José le explicó que quería asegurarse de tener todos los documentos requeridos para poder matricular a sus dos hijos mayores en el ciclo escolar venidero y que no quería «meter la pata», como lo había hecho el año anterior, cuando no pudo inscribir al hijo mayor en la escuela. Le contó también que la hija de su compañero de trabajo fue en una ocasión una de sus estudiantes.

—Él me dijo que usted me podía aconsejar apropiadamente sobre eso de las matrículas —le explicó José.

—Por supuesto, claro que sí, con mucho gusto —le contestó la maestra y le dijo que las inscripciones se iban a efectuar durante las últimas dos semanas del mes de agosto.

Agregó que era importante traer copias del acta de nacimiento, pero que si no las tenía que no se preocupara, pues se hacían excepciones cuando los potenciales alumnos eran de otros estados, de lugares lejanos.

—Lo más importante —le explicó—, es que los niños no pierdan la oportunidad de ir a la escuela.
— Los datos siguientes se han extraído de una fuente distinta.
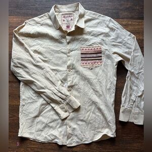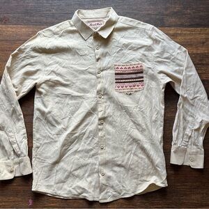 Men's Soulstar Shirt Beige Multicolor Pocket Button-Down XL Aztec Street Tribal. 100% Cotton. Light, breathable, and open.
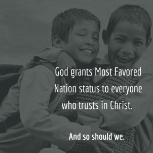 God grants Most Favored Nation status to everyone who trusts in Christ. And so should we. We must step outside our comfort zones and build relationships with others in the church who are different from us.
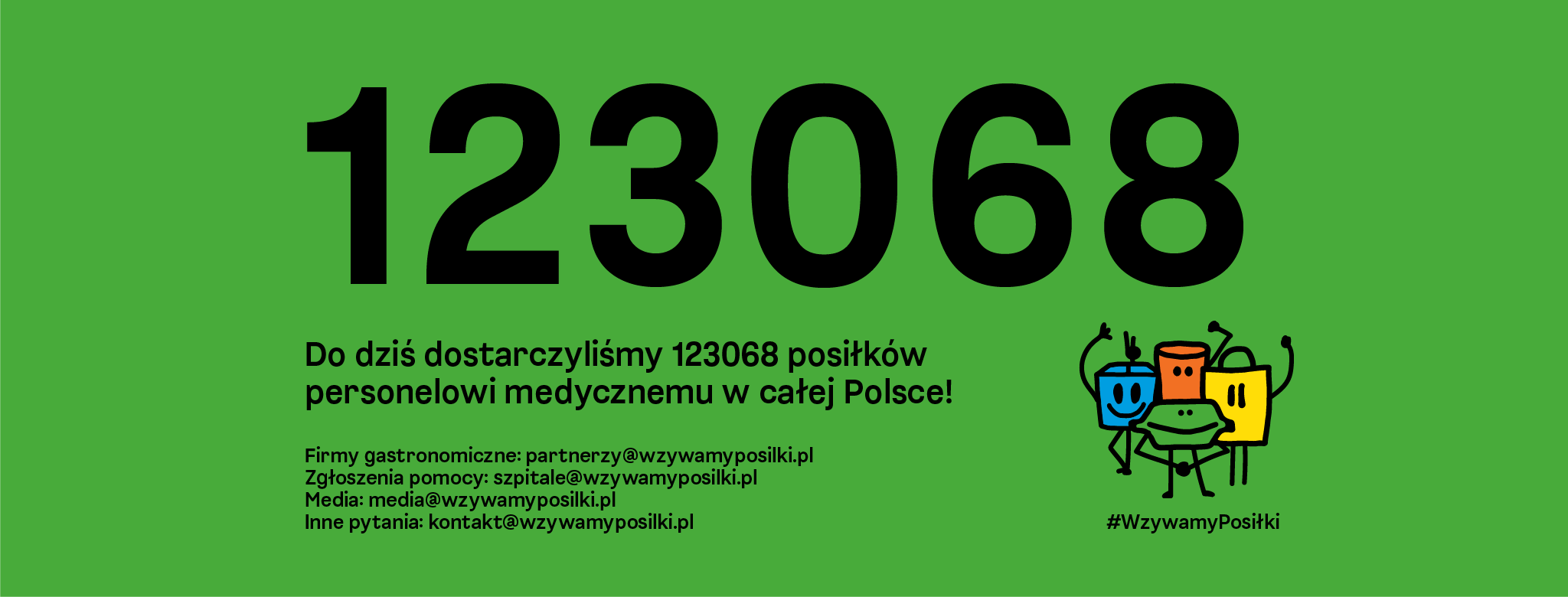 Ogólnopolska akcja #WzywamyPosiłki angażuje z kolei popularne sieci restauracji oraz kawiarni, firmy cateringowe, producentów napojów i żywności, a także lokalne restauracje w pomoc pracownikom placówek medycznych, stacji pogotowia oraz punktów laboratoryjnych. Dzięki weryfikacji realnego stanu zapotrzebowania na produkty spożywcze w tych miejscach, od początku inicjatywy udało im się dostarczyć ponad 123 000 posiłków (stan na 21.04.2020 r.).
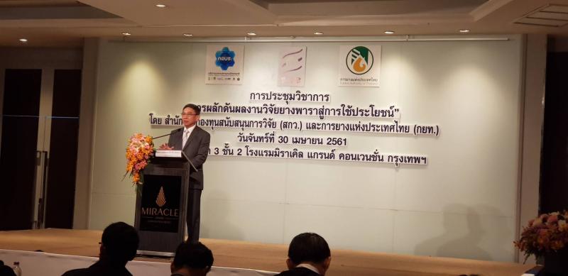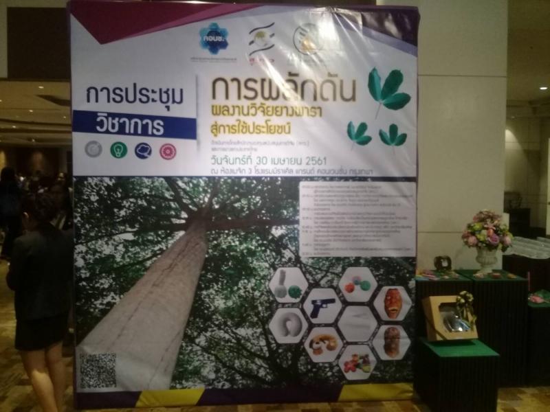 วันที่ 30 เมษายน 2561 สถาบันวิจัยยาง การยางแห่งประเทศไทย (กยท.) ร่วมกับสำนักงานกองทุนสนับสนุนงานวิจัย (สกว.) ได้จัดประชุมวิชาการ การผลักดันผลงานวิจัยยางพาราสู่การใช้ประโยชน์ ณ โรงแรมมิราเคิล แกรนด์ คอนเวนชั่น กรุงเทพมหานคร เพื่อเป็นการผลักดันงานวิจัยให้สามารถนำไปใช้ประโยชน์ได้จริง โดยผู้เข้าร่วมประชุมประกอบด้วยนักวิจัย นักวิชาการ อาจารย์มหาวิทยาลัย สถาบันวิจัยยาง สมาคมต่าง ๆ รวมทั้งสถาบันเกษตรกรและผู้ประกอบกิจการยาง รวมจำนวนทั้งสิ้น 200 คน
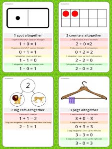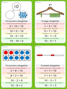Set of posters showing pictorial representations of number bonds for 10 along with the associated fact families.
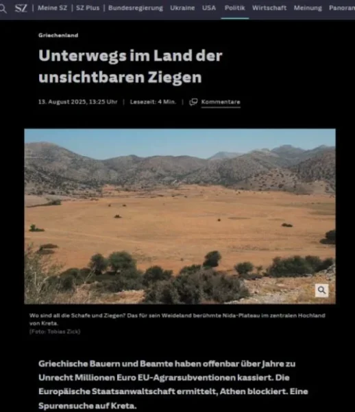 Η γερμανική εφημερίδα Süddeutsche Zeitung έκανε οδοιπορικό στην Κρήτη (έχοντας τίτλο: «Οδοιπορικό στη χώρα των αόρατων κατσικιών») για να εξηγήσει το σκάνδαλο των αγροτικών επιδοτήσεων του ΟΠΕΚΕΠΕ, που προκάλεσε την παρέμβαση της Ευρωπαϊκής Εισαγγελίας.
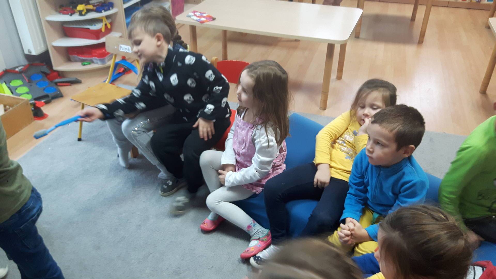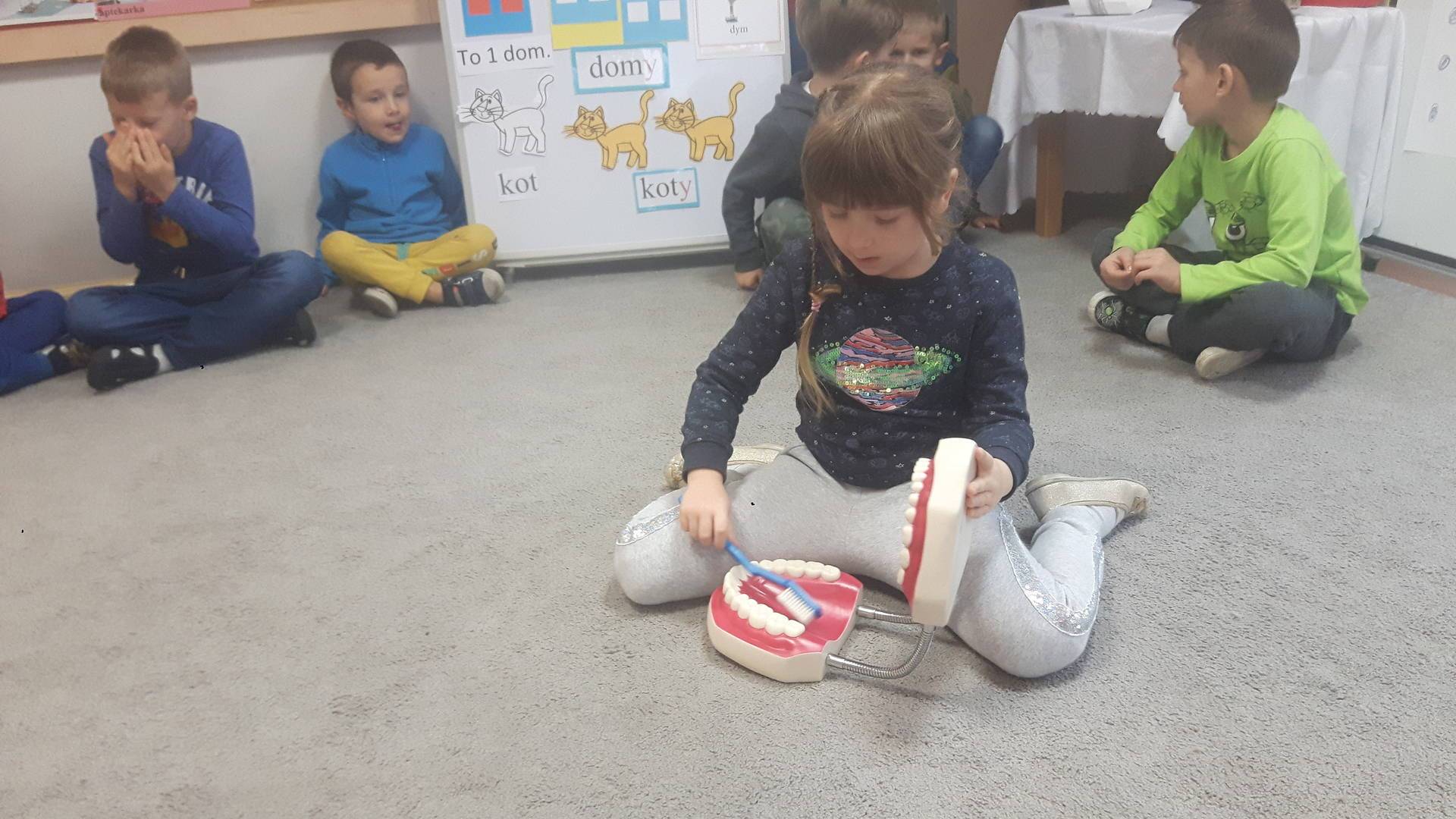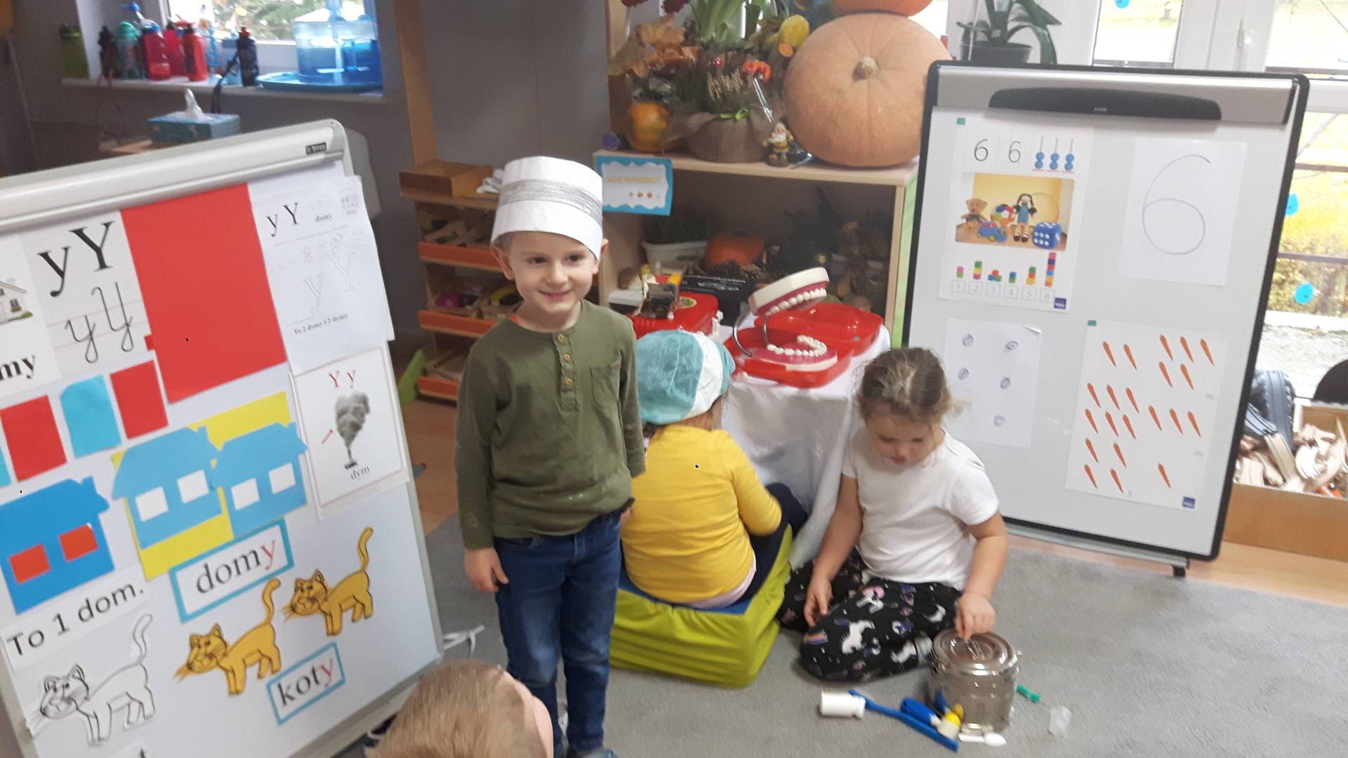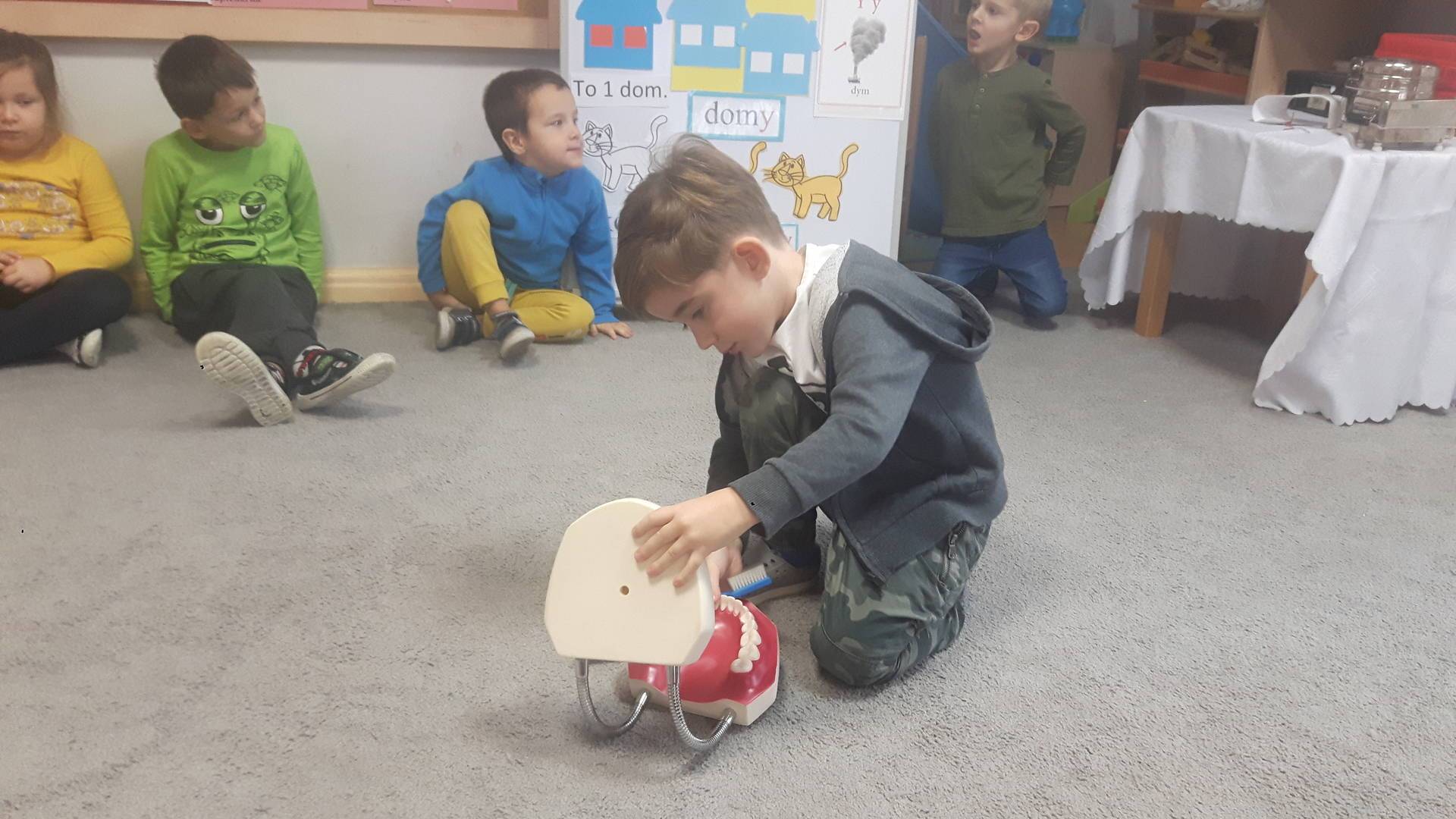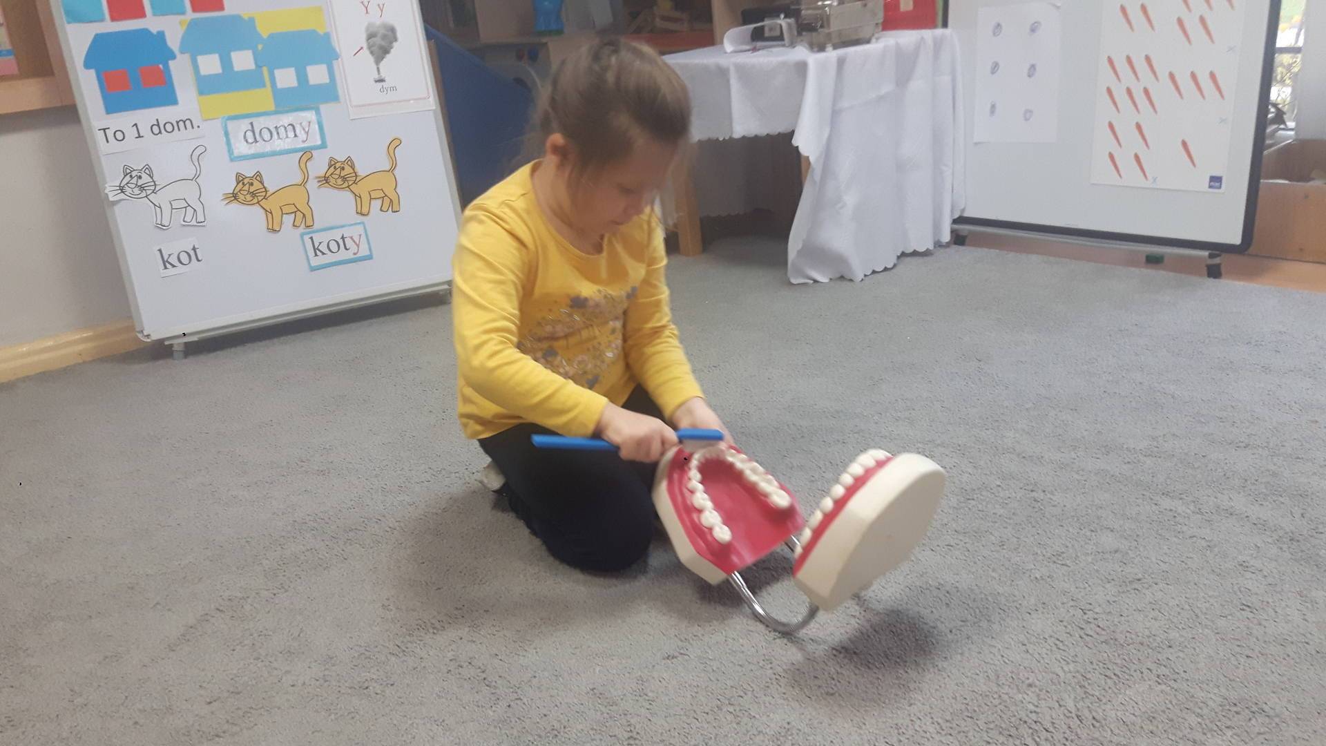 w tym tygodniu zajmujemy się zdrowiem: dowiadujemy się, co powinniśmy jeść, by mieć dużo siły i energii, i jak się ubierać, żeby nie zachorować. Wiemy jak należy poprawnie szczotkować zęby i gdzie się udać kiedy nas coś boli. Rozpoznawaliśmy różne gabinety lekarskie oraz narzędzia niezbędne w pracy lekarzy różnych specjalności, na przykład pediatry, stomatologa, laryngologa. Dużo czasu poświęcamy na zabawy ruchowe, bo ruch to zdrowie: biegaliśmy, skakaliśmy, rzucaliśmy woreczkami do celu.
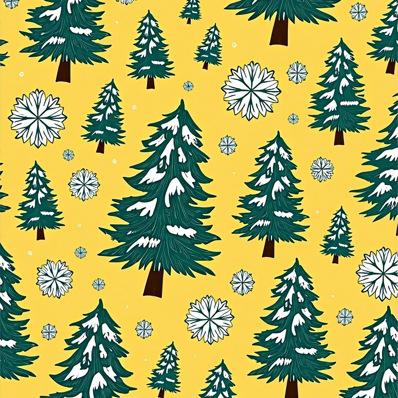 Enchanted Forest Pine Tree Snow Covered Landscape Holiday Floor Covering(Yellow)
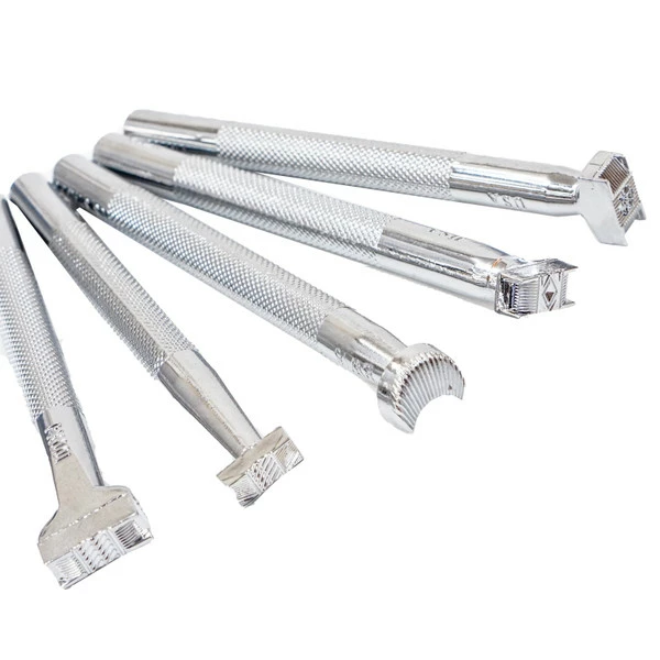 This 5 piece stamping tool set comes with four basketweave stamping tools and one camouflage tool for making awesome patterns. A must have for your stamping tool collection!

Si tienes alguna dificultad, por favor déjamelo saber y con gusto haré lo que sea necesario para ayudarte.

Le dijo también que las oficinas de la escuela iban a cerrar desde el primero de julio hasta la primera mitad del mes de agosto, pero que abrirían sus puertas unos días antes del período de matriculación. José le dio las gracias a la señorita María Luisa, pero antes de irse agregó que le gustaría que sus hijos la tuvieran a ella como maestra. Ella daba clases de primer año por lo cual eso podría ser posible.

—A la mejor me toca; vamos a ver —le dijo la maestra y se despidió de José con una sonrisa.